Why is this a problem for us? I am self-employed. Our total 2016 household income is about $60,000. If we all applied for a plan through the health insurance marketplace, I'd get a subsidy and could insure my entire family for $260/month in a high deductible plan. High deductible plans, in case you didn't know, aren't that bad in the post-ACA/Obamacare world. The highest individual deductible allowed by law is < $7K. Young, healthy mustachians like us would definitely prefer the $260/month plan to the $520/month plan offered through my wife's employer.

But it looks like we won't qualify for the subsidy since we're "eligible" for coverage through my wife's employer – even though our household income is within the window of qualification for ACA subsidies.

Thoughts?
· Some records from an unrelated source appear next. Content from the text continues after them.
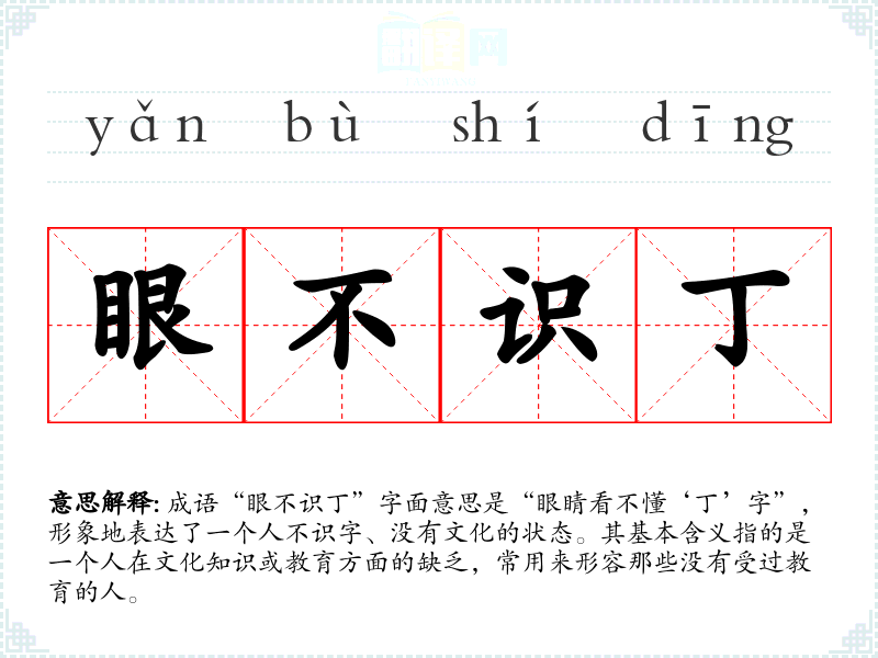 成语“眼不识丁”字面意思是“眼睛看不懂‘丁’字”,形象地表达了一个人不识字、没有文化的状态。其基本含义指的是一个人在文化知识或教育方面的缺乏,常用来形容那些没有受过教育的人。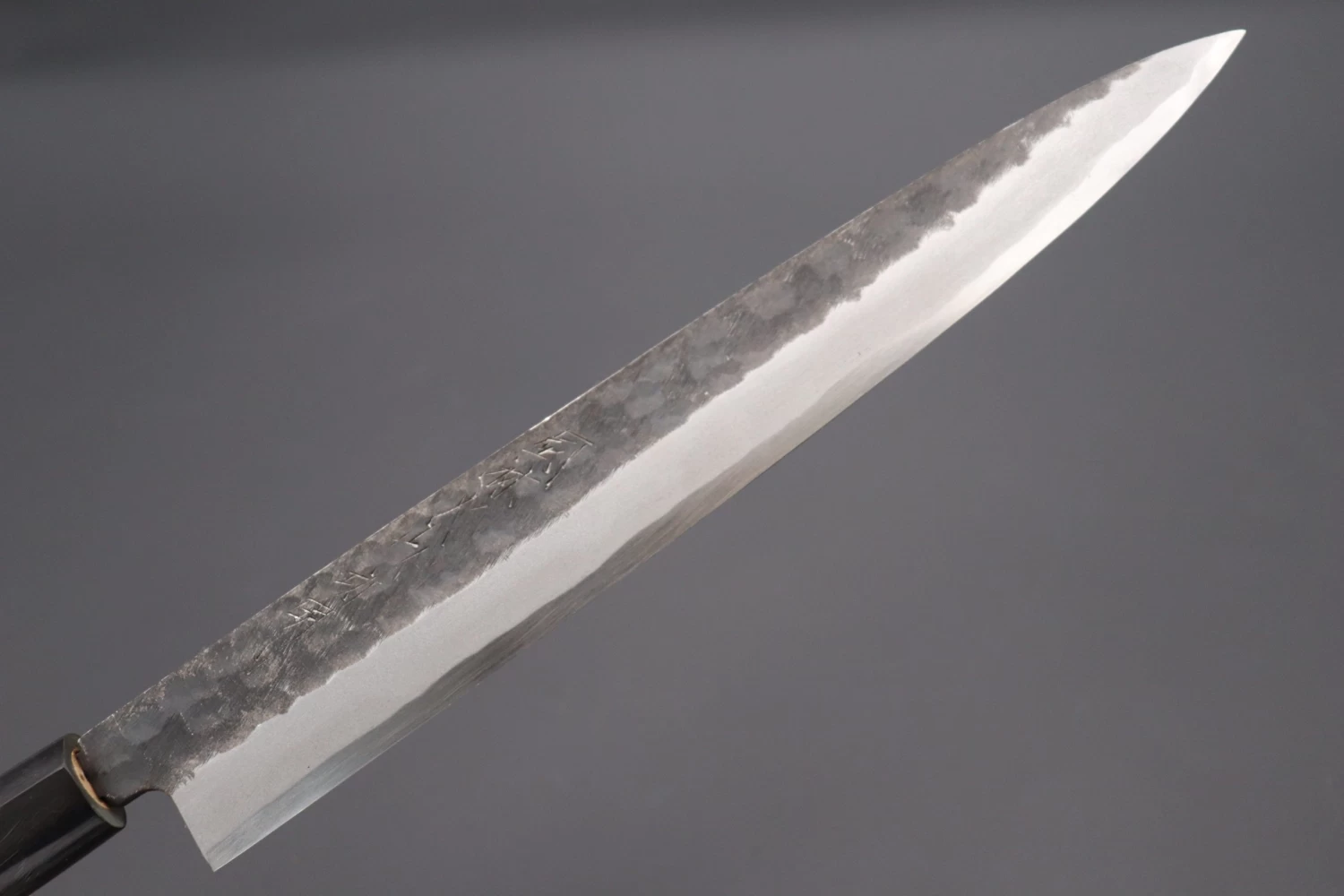 Very impressive and the unique Kurouchi (“Black-forged”) finish of the blade and its beautiful color gradation. The Kurouchi finished section of the blade (See Top-half) also has a unique Tsuchime (“Hammered pattern”) texture. It contrasts beautifully with the cloudy grey colored Kasumi (“True mist”) finished upper blade bevel and the shining silver of the polished cutting edge.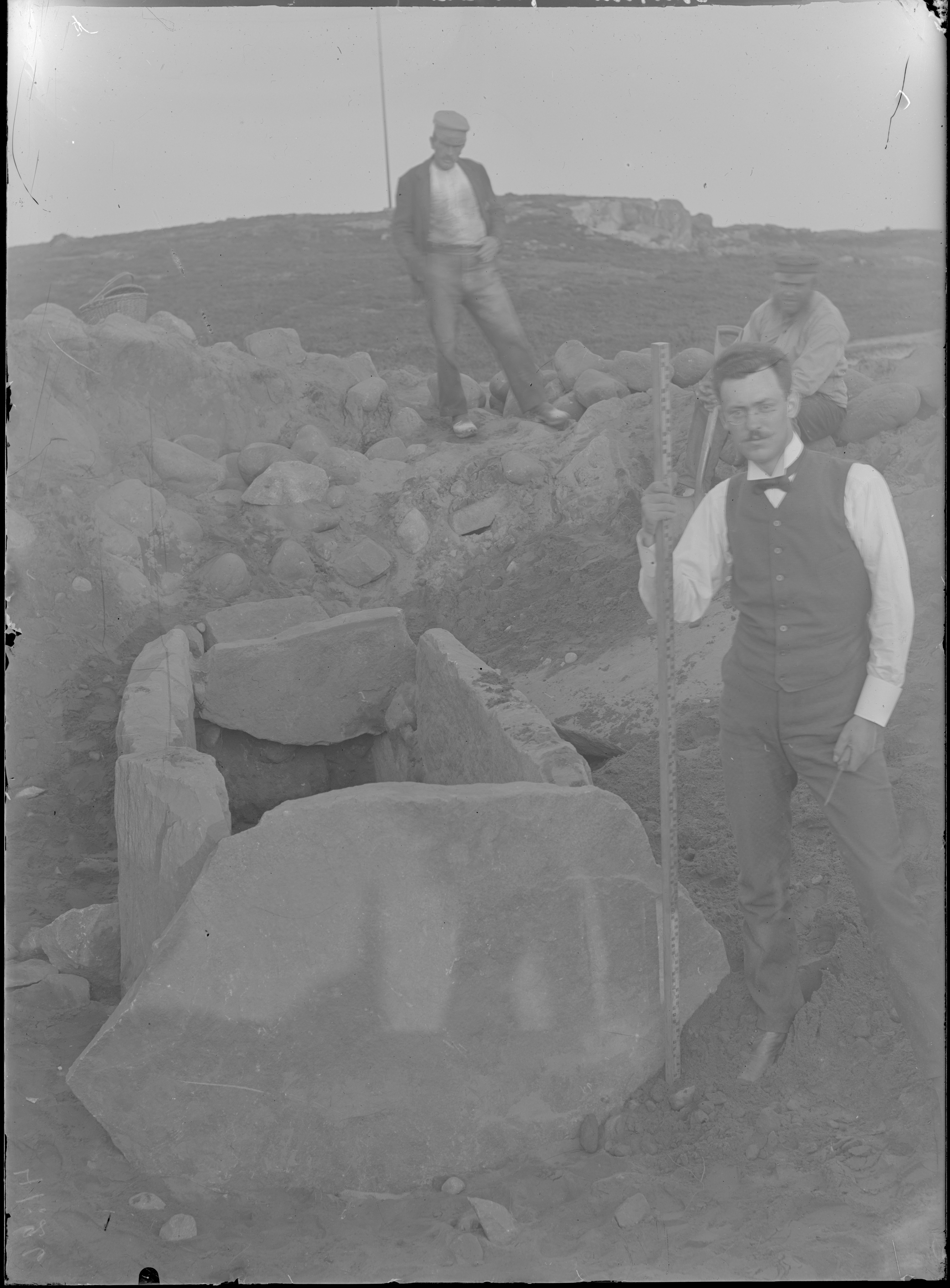 RAÄ-nummer Söndrum 18:2. Spritkullen. Män vid hällkista utgrävd ur hög vid Söndrums stenbrott. Undersökning av Ture J. Arne 1905.

Is there any way we can legally forgo the insurance offered by my wife's employer and take the subsidized HDHP through the health insurance marketplace?
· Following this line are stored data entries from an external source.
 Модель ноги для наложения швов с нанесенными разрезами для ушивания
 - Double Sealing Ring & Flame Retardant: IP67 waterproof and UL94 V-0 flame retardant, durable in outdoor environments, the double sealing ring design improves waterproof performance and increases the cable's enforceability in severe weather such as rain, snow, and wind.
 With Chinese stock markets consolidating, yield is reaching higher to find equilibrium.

If not, this would seem to be an enormous flaw in the law.

I'm going to answer my own question. A little research yields this:

http://www.healthaffairs.org/healthpolicybriefs/brief.php?brief_id=129

It's the so-called "family glitch." Eligibility for subsidies is determined based on the cost of employee-only coverage and doesn't account for the significantly higher cost of family coverage.

So I'm basically shit out of luck unless I lie about our eligibility for employer coverage on my Marketplace application.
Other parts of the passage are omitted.